*** Opening of Given records ***

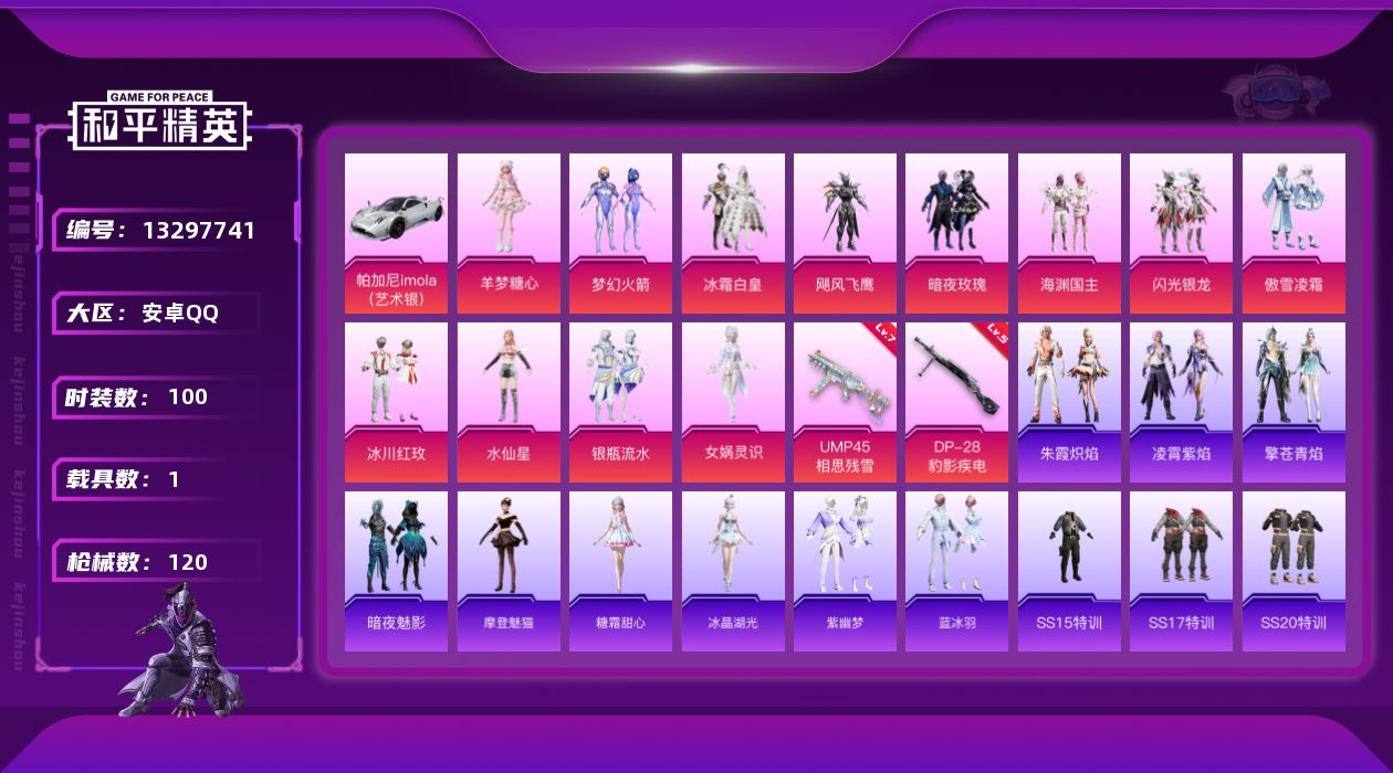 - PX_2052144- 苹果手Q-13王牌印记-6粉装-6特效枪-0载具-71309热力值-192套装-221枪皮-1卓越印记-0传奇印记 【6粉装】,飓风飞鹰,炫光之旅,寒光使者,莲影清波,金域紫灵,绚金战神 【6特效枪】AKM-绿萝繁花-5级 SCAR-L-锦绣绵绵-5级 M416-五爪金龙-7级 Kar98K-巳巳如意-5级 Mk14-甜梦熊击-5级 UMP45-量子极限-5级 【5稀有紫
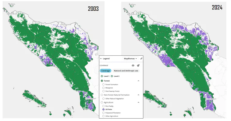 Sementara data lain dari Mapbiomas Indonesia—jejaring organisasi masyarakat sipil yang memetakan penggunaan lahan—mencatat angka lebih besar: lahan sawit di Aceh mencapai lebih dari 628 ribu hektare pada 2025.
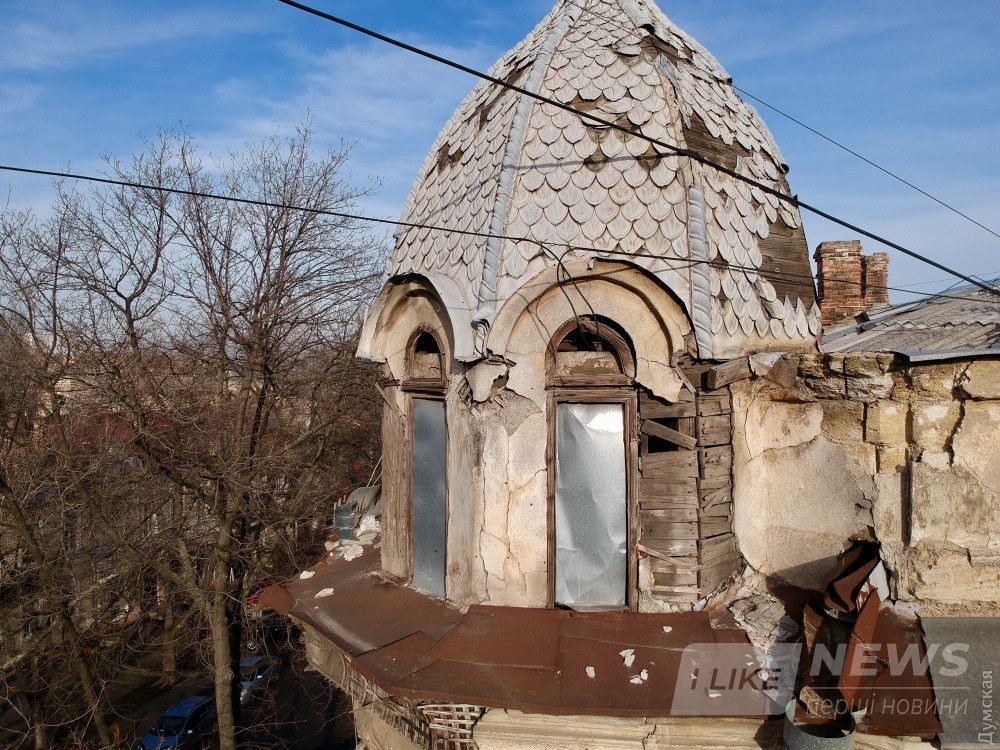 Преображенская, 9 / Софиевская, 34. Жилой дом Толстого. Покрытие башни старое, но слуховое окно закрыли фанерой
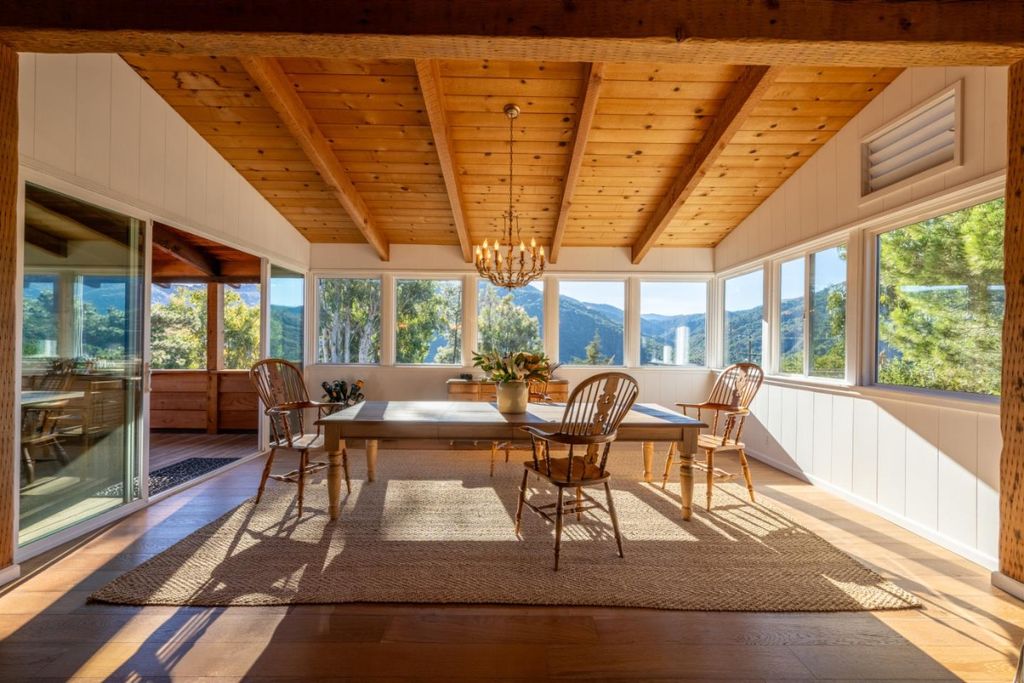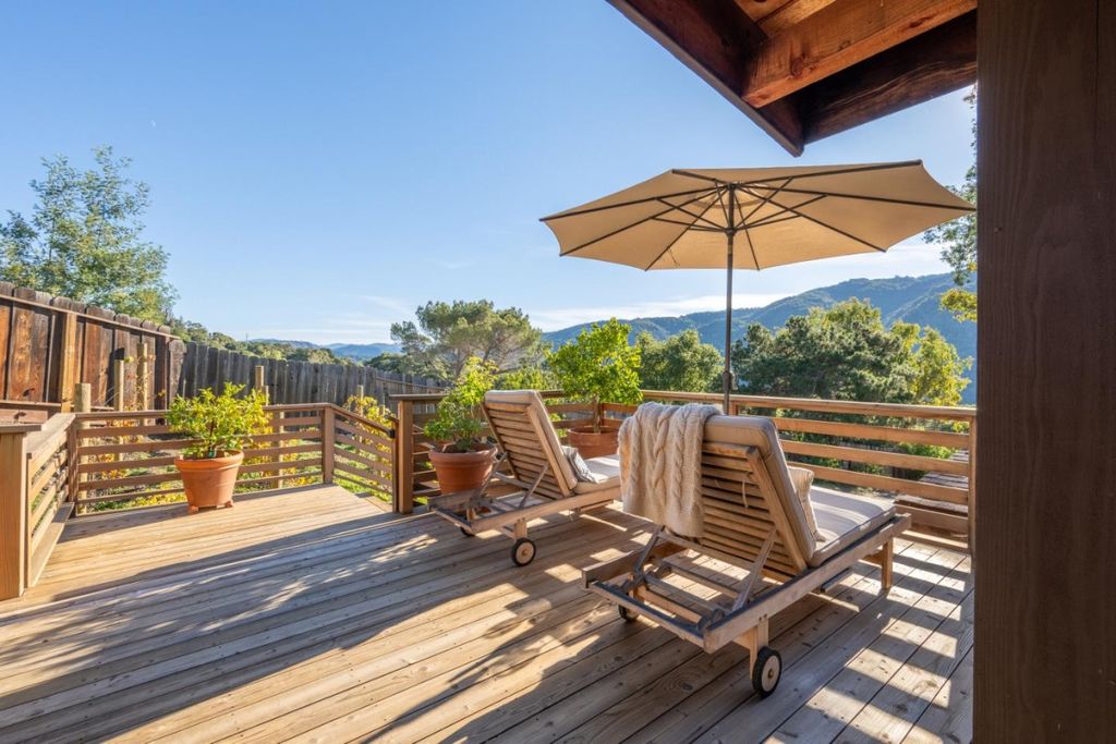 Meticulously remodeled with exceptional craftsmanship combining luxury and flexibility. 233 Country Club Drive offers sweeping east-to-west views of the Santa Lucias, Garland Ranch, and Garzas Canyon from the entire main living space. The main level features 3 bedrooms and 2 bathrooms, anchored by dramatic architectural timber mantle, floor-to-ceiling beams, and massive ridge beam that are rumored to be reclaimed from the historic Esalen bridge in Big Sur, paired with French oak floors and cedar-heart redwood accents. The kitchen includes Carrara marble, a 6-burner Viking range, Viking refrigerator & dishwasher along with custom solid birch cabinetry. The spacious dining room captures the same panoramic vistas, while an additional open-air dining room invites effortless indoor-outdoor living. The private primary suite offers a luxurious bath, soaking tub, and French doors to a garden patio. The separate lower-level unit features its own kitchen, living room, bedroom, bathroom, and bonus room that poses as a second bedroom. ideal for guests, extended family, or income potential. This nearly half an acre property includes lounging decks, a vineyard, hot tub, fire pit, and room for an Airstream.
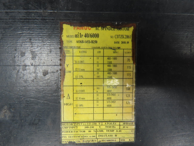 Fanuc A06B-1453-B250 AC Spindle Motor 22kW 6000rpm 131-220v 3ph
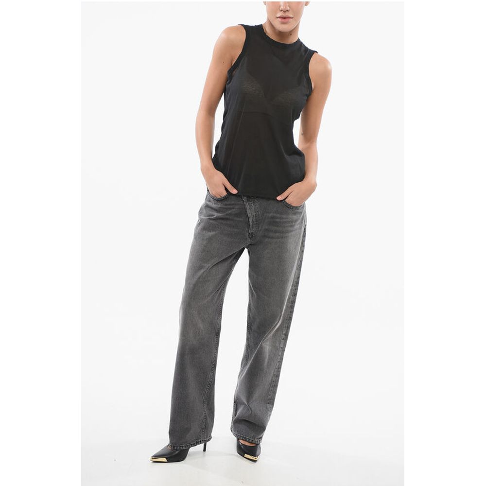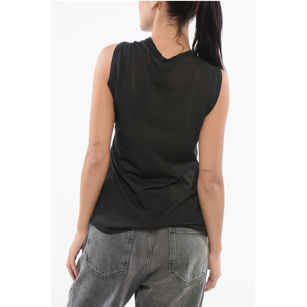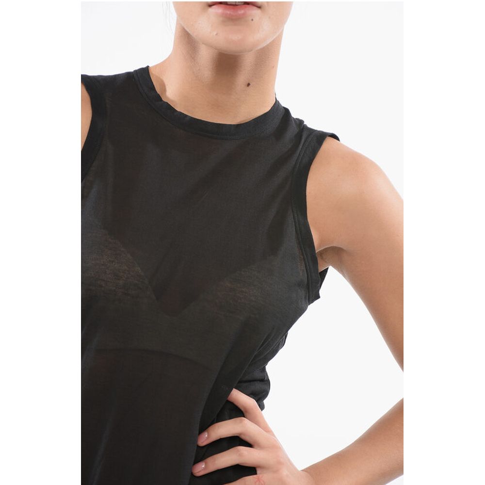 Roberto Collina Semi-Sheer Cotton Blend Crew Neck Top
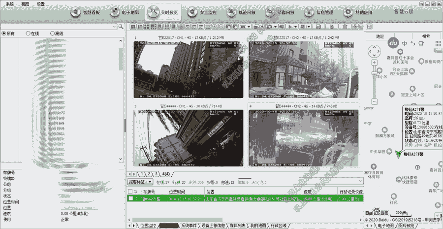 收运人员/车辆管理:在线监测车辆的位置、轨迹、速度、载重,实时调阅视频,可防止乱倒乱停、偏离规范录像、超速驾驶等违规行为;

*** Close of Given records ***

* Activity:
In the listing above, find the line with "Sementara data lain" and the line with "Преображенская, 9 /". Transcribe those two and everything between, exactly, leaving out pictures.

* Response:
 Sementara data lain dari Mapbiomas Indonesia—jejaring organisasi masyarakat sipil yang memetakan penggunaan lahan—mencatat angka lebih besar: lahan sawit di Aceh mencapai lebih dari 628 ribu hektare pada 2025.
 Преображенская, 9 / Софиевская, 34. Жилой дом Толстого. Покрытие башни старое, но слуховое окно закрыли фанерой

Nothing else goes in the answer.